## [Problem to solve]
Below is a listing from which only part is wanted; return exactly the lines from the one with "İzmir Büyükşehir Belediyesi" up to and including the one with "Boho Art – Sun".

## [Material to process]
-------

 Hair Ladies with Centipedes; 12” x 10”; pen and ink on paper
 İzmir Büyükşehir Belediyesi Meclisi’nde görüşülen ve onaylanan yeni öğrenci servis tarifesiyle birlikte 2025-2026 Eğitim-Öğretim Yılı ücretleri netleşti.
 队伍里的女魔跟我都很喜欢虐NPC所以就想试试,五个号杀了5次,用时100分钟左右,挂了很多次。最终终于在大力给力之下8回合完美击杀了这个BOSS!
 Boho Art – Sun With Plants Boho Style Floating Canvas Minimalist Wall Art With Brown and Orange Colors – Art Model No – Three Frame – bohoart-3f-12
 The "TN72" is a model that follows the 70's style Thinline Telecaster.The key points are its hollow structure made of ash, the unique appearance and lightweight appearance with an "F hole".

-------

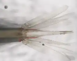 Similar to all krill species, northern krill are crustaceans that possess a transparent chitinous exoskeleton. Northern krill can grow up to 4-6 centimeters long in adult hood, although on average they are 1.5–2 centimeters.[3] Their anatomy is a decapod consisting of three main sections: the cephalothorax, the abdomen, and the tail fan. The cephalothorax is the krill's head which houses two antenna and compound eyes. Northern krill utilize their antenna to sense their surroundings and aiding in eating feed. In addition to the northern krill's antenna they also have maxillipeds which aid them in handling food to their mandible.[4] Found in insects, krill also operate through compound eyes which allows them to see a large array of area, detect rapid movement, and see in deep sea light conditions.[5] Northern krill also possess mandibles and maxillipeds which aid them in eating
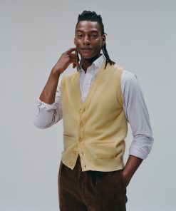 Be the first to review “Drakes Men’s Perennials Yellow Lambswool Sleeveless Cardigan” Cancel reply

-------

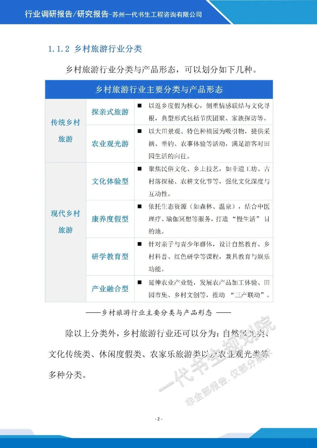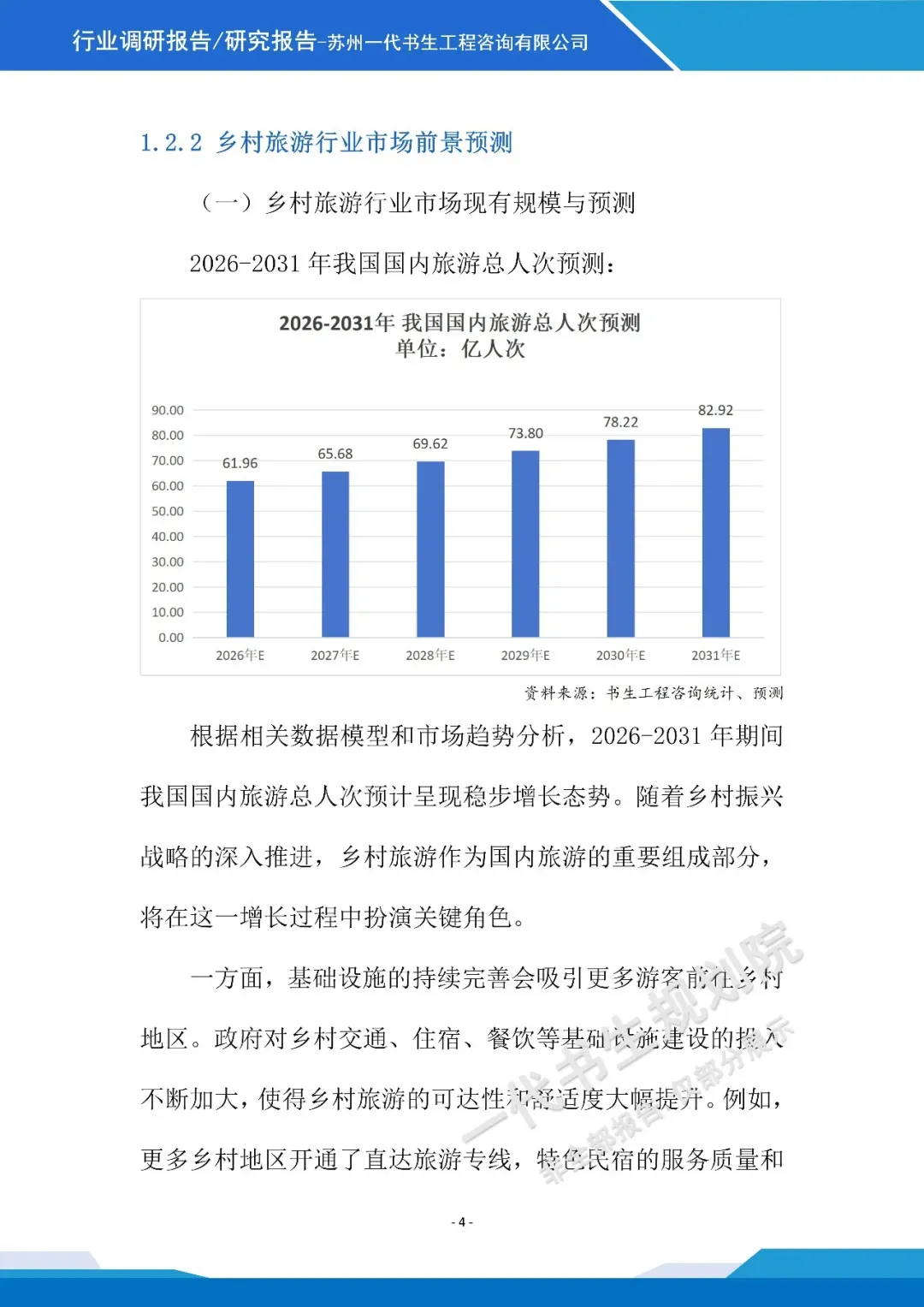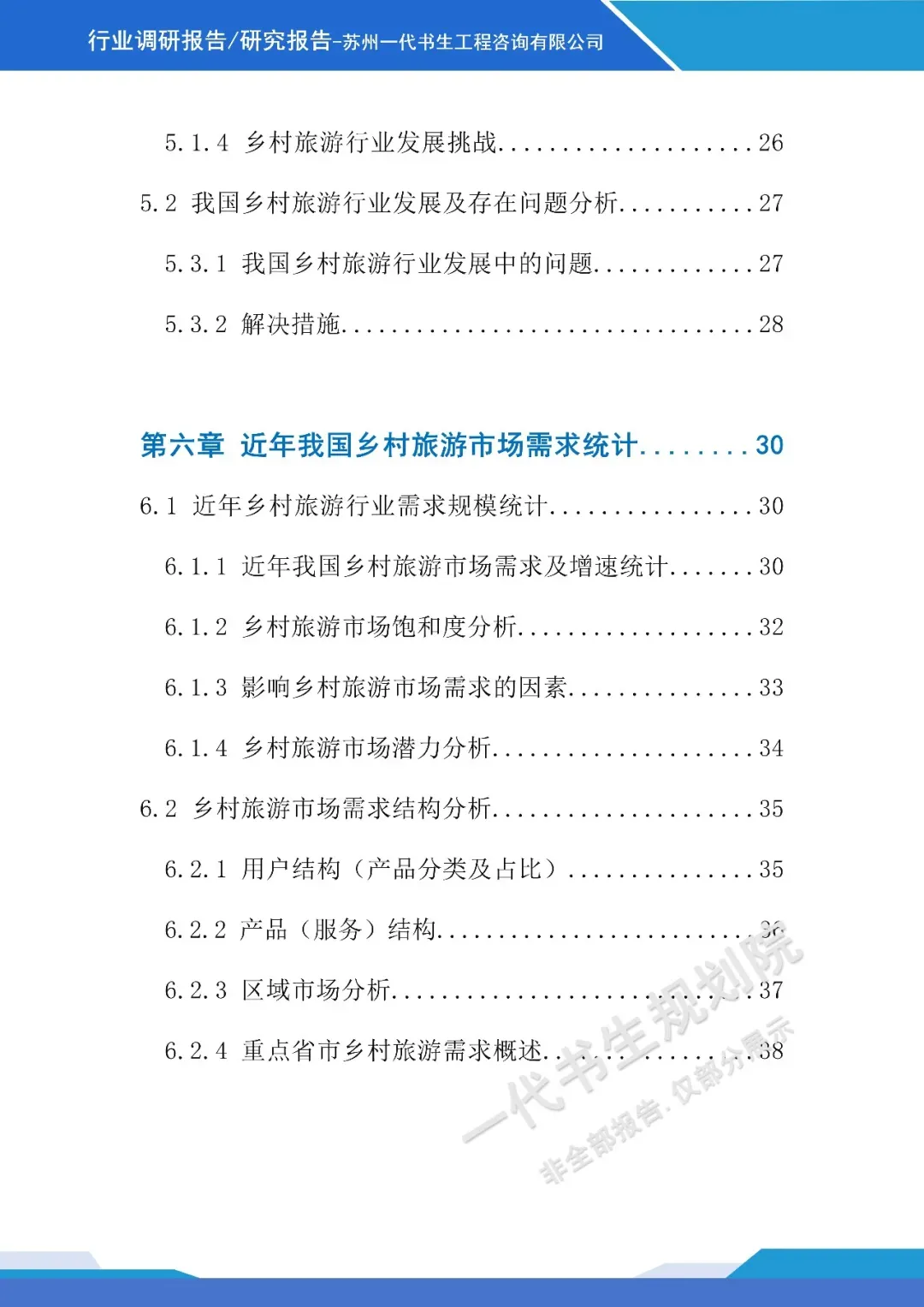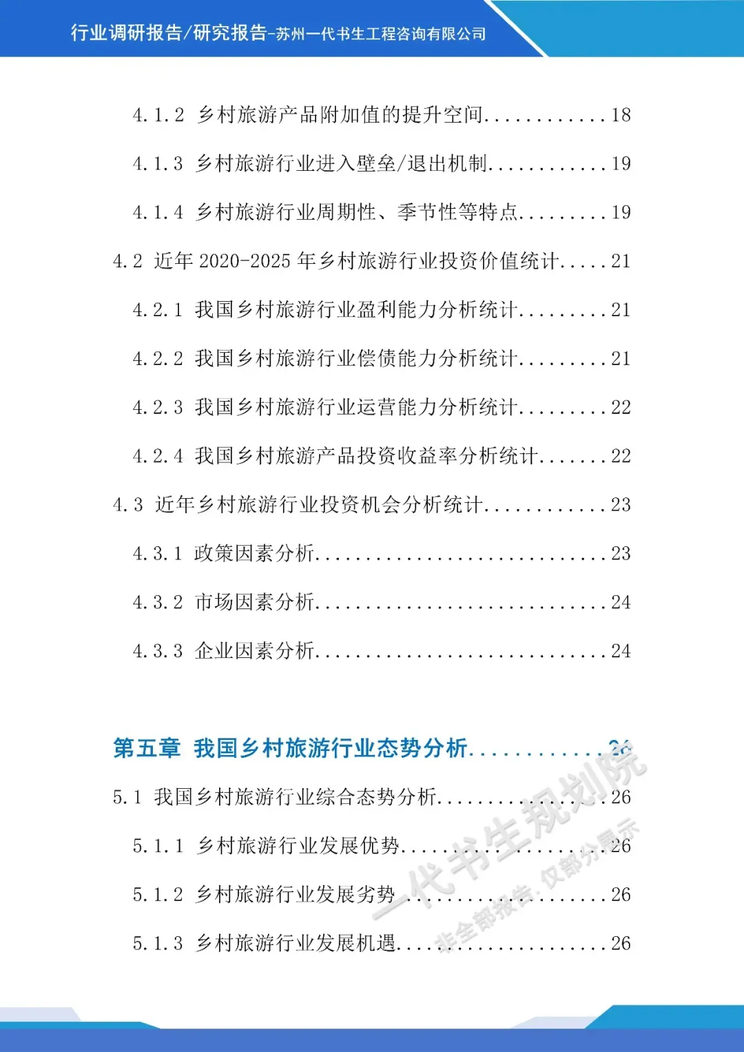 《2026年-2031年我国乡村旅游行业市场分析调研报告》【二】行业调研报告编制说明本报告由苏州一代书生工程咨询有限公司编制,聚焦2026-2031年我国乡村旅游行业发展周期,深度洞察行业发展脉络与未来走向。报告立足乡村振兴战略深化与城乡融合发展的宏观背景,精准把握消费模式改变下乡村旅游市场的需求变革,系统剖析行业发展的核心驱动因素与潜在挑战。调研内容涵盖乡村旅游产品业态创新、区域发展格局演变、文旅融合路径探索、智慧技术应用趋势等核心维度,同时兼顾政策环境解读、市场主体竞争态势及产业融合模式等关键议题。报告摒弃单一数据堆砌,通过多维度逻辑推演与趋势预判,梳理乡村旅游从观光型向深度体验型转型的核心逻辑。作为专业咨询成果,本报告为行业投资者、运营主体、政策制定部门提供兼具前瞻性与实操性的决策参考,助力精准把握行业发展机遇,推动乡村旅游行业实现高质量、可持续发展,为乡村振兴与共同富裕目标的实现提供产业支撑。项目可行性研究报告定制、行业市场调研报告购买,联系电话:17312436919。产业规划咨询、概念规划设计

-------

## [Solved problem]
 İzmir Büyükşehir Belediyesi Meclisi’nde görüşülen ve onaylanan yeni öğrenci servis tarifesiyle birlikte 2025-2026 Eğitim-Öğretim Yılı ücretleri netleşti.
 队伍里的女魔跟我都很喜欢虐NPC所以就想试试,五个号杀了5次,用时100分钟左右,挂了很多次。最终终于在大力给力之下8回合完美击杀了这个BOSS!
 Boho Art – Sun With Plants Boho Style Floating Canvas Minimalist Wall Art With Brown and Orange Colors – Art Model No – Three Frame – bohoart-3f-12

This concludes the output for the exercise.